After a sermon recently, a parishioner confidently told me that I was wrong in suggesting that human beings can do anything to draw near to God – the traffic is only one-way and God comes to us when we don’t expect it. Whether wittingly or not, he had wandered into one of the perennial conundrums of the spiritual life, and one which I’ve explored before on this blog: is the human-divine traffic only one-way or is there room for human effort in the mystery whereby we encounter the living God?

Sometimes the conundrum is phrased in terms of a human ascent in stages towards the God who has already, in descending, opened the path towards that transformative encounter. Sometimes it’s framed as a debate about God’s grace, given to us who do not merit it and who can do nothing to attain it, though no orthodox Christian teachers would deny divine initiative in this life-giving meeting. Some have taught that the spiritual life is mostly one of struggle against the passions, with the experience of loving union with God only coming towards the end of our lives, and some deny that it is possible to experience anything at all of divine light in this world.

One distincitive voice in this discussion is that of S. Symeon the New Theologian (949-1022), an unconventional monk who was a subtle inheritor of the traditions of Origen, Evagrius and Pseudo-Dionysius, who had his own fair share of controversy over this matter. He taught that anyone could be the recipient of an experience of divine light in this world, not only those who had striven for it through ascetical struggle. Indeed, it is the will of God that all his children should experience the transfiguring light of his mercy. The human being is not, however, without agency in this matter. Indeed, he was clear that we will not experience this divine illumining unless we desire it and unless we undergo a metanoia, a repentance. So, although Symeon may seem like one who undermines the notion of a pattern of staged progress towards being united with God in love, a path of ascent towards our theosis, there is ‘work’ to be done by the human person, and that is the ‘work’ of desiring God and turning towards him, the one who is already there for us.

Fr John McGuckin’s excellent article on Symeon’s Hymns of Divine Eros summarises his spiritual teaching in this way:

Symeon’s great contribution to Christian spirituality, therefore, is how the incomprehensibility of God is defended not by insisting on God’s inscrutable absence from the earthly creation, but by celebrating the manner in which an incomprehsibly deep mercy reaches into the heart of alienation and returns the human soul to its correct purposes: the vision of the Creator. [in the 3rd volume of his collected essays, Illumined by the Spirit, SVS Press, 2017]

Symeon writes from the perspective of one who has experienced the divine light and who wishes others to feel that presence for themselves. It requires only readiness. I guess that, for some of us, that state of readiness entails a little more work than for others, as there may be all kinds of barriers in the way of that desire. But God is not out of reach!

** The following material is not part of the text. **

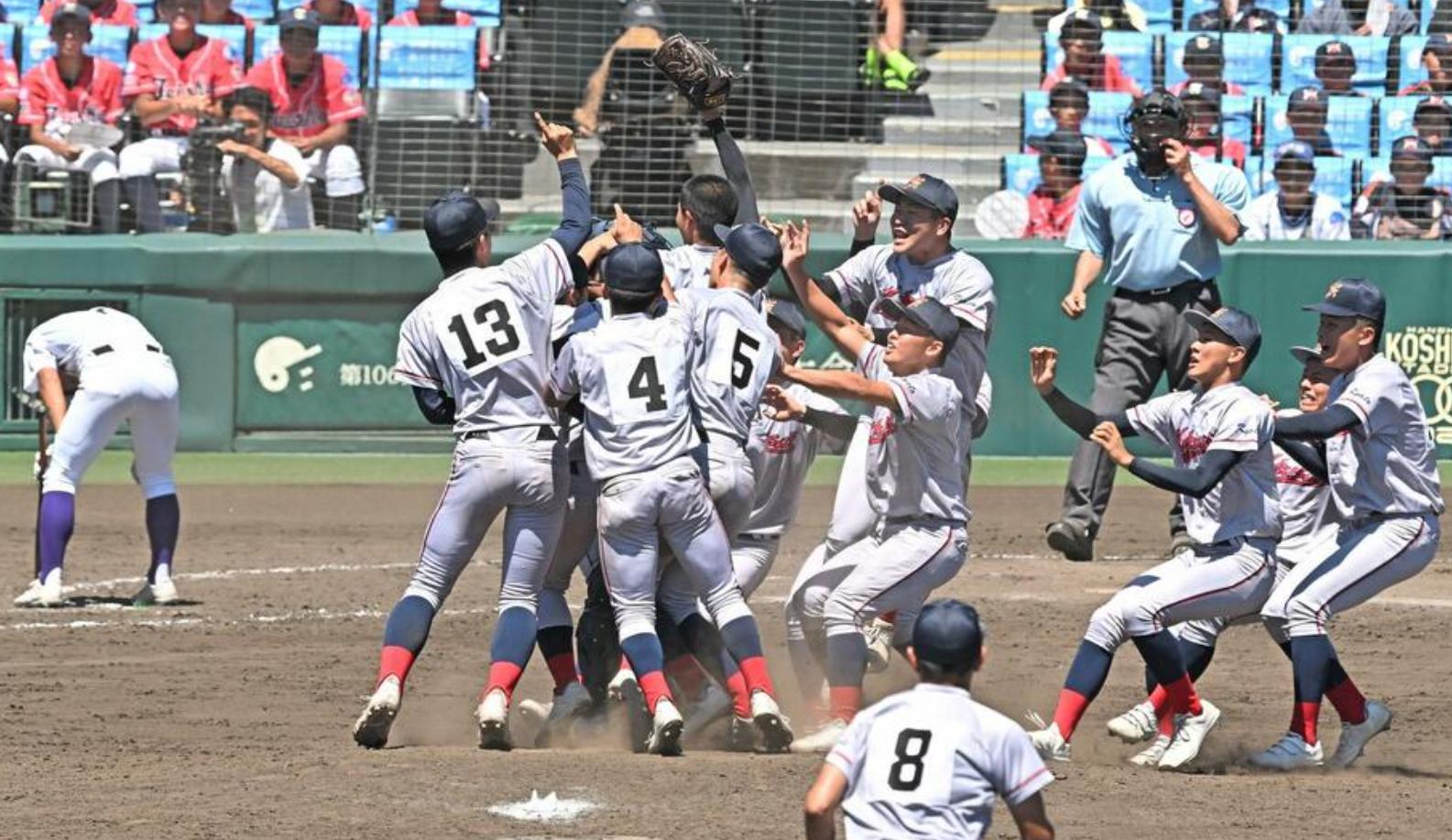 "먼저 양 팀 모두에게 훌륭한 경기를 보여주셔서 감사합니다. 서로 한 발짝도 물러서지 않은 접전이었습니다. 그리고 더운 날씨 속에서도 양국의 선수들이 열심히 플레이하는 모습을 보고 감동받았습니다. 먼저 교토국제가 10회 초에 포볼과 희생 플라이로 2점을 선취했습니다. 그 후, 간토다이이치는 무사 만루의 기회를 얻었지만, 교토국제의 니시무라가 1실점으로 막아내며 첫 우승을 거머쥐었습니다. 정말로 결승전에 어울리는 멋진 경기였습니다. 감동을 주셔서 감사합니다."
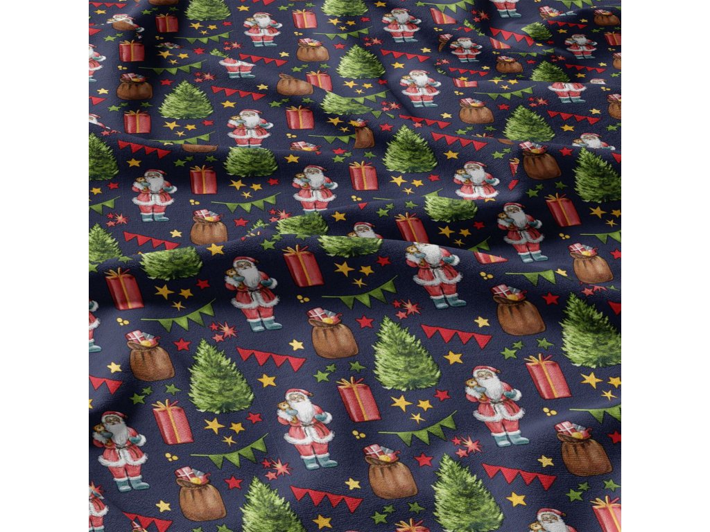 Vánoční bavlněná látka, metráž, šíře 160 cm, Vánoční Mikuláš

When we try to speak of how it is that we enter into a life-giving encounter with God, we draw on our own experiences, as Symeon did, but also on the collective and accumulative experiences of our ancestors in the faith and on the paradigmatic words of Scripture. It is a process we can describe only haltingly, as we are speaking of things we are not able fully to voice. In these accounts, there are many repeated patterns and common threads, but there are also singular examples that don’t fit any mould. This should not surprise us, as we are all different, but there are two general truths we can affirm: God takes the initiative; God usually works with us. With Symeon, I would affirm a third: God desires that we experience his transfiguring light in this life.